Records for the task ::

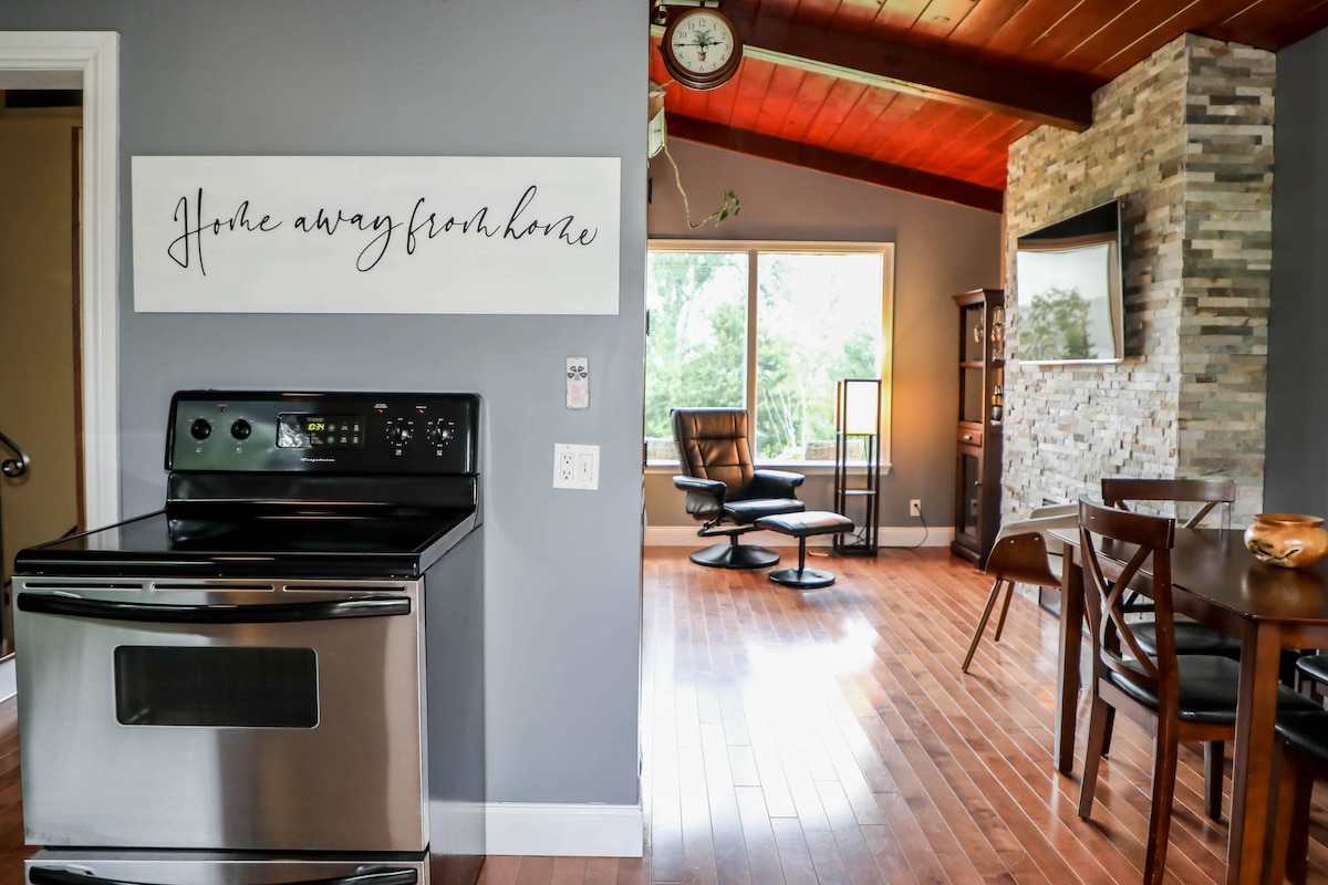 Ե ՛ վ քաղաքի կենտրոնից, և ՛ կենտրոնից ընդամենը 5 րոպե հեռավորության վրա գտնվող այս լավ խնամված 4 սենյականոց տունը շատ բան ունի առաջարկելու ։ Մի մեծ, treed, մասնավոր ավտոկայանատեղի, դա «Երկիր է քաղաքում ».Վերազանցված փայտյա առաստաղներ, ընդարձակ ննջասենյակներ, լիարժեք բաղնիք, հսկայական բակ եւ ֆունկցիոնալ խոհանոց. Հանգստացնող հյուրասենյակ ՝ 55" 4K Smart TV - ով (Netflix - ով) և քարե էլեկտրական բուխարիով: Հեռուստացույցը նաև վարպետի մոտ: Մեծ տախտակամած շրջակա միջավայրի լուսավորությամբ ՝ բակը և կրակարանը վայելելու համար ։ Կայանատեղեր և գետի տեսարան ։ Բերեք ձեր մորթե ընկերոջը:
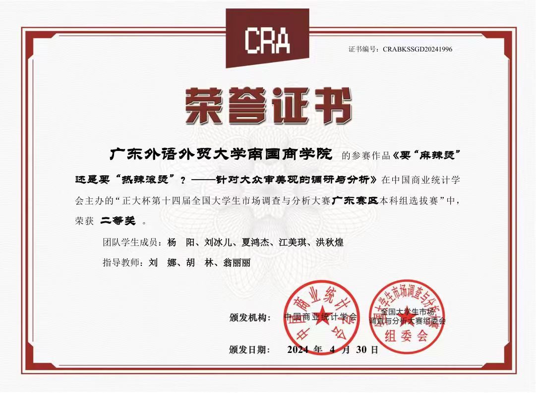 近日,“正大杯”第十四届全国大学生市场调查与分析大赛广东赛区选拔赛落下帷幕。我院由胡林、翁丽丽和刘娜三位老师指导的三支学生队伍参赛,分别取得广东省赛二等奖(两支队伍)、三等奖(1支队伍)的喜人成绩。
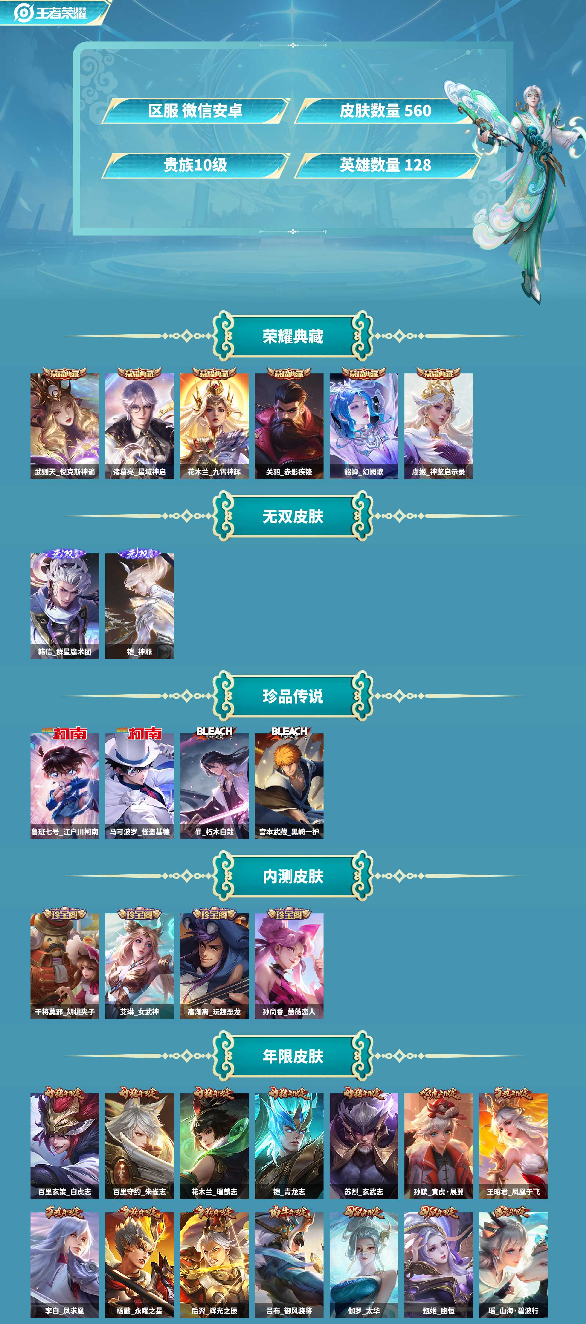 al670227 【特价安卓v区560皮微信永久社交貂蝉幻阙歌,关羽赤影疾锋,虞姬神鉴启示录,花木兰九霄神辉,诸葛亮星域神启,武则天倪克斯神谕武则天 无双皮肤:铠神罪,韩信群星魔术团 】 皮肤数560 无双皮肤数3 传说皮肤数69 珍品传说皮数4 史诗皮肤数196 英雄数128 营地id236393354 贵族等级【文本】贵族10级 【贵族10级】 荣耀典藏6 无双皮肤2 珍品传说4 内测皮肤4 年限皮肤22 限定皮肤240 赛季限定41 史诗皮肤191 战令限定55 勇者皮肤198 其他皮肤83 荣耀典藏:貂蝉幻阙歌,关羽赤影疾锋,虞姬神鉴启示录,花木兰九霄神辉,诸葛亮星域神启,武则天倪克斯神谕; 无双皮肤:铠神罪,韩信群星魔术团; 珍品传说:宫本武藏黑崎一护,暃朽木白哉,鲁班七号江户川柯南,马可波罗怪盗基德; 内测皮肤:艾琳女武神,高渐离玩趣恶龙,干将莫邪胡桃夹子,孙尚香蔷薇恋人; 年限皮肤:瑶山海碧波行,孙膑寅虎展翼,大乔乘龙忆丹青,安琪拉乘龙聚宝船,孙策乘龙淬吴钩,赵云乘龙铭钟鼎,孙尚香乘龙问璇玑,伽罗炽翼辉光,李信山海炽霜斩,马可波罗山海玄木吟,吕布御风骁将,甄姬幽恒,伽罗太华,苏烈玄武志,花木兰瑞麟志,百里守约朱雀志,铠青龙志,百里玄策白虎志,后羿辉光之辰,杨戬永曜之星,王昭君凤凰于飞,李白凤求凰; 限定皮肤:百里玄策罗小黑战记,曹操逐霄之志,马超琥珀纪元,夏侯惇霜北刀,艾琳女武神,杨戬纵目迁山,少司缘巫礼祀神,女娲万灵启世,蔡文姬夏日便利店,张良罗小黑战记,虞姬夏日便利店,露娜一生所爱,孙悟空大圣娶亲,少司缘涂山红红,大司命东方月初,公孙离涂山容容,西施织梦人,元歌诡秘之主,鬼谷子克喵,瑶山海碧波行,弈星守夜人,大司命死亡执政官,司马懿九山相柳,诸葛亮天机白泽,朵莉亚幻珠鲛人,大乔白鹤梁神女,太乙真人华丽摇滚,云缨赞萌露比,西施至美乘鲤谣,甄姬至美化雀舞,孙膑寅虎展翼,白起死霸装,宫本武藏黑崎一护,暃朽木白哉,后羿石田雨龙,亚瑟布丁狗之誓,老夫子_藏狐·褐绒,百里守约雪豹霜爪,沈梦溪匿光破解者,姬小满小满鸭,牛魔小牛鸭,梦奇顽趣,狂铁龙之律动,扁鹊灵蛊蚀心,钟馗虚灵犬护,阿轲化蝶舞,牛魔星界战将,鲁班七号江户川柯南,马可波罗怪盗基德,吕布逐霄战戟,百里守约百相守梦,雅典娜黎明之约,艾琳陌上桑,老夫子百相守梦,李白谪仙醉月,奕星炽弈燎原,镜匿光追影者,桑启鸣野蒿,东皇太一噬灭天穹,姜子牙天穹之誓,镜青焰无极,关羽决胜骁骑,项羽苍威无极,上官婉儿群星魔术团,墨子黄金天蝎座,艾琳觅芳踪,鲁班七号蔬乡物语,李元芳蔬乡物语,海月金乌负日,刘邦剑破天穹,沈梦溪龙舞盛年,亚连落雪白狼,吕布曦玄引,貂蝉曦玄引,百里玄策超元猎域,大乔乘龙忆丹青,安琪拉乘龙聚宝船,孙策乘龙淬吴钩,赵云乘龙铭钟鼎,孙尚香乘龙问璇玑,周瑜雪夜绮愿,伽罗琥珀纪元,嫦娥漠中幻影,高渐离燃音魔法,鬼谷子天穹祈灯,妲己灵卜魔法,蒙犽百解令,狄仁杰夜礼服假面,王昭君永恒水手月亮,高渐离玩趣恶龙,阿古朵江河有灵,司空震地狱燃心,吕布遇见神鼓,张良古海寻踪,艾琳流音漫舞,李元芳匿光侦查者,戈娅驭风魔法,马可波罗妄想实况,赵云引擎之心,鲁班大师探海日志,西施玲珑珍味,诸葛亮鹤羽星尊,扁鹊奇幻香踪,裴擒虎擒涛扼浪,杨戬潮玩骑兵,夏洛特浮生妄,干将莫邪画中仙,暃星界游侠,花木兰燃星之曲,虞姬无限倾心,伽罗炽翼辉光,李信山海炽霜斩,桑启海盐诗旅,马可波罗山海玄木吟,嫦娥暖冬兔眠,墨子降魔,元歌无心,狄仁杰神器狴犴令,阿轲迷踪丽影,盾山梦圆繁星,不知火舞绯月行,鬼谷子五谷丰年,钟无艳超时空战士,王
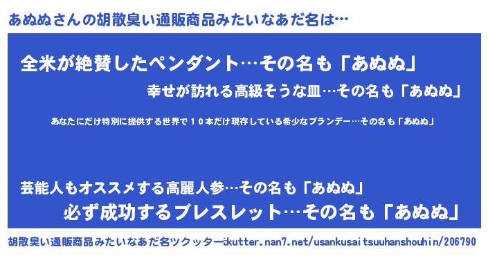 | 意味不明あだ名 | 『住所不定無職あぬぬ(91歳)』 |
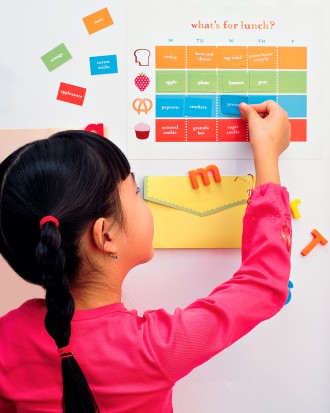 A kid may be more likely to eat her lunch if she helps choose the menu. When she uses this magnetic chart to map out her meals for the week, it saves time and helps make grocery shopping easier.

What needs to be done :: All lines from the one bearing "意味不明あだ名 | 『住所不定無職あぬぬ(91歳)』 |" through the last line of the records, and only those, should be duplicated exactly; no picture belongs in the copy.

Task result ::
 | 意味不明あだ名 | 『住所不定無職あぬぬ(91歳)』 |
 A kid may be more likely to eat her lunch if she helps choose the menu. When she uses this magnetic chart to map out her meals for the week, it saves time and helps make grocery shopping easier.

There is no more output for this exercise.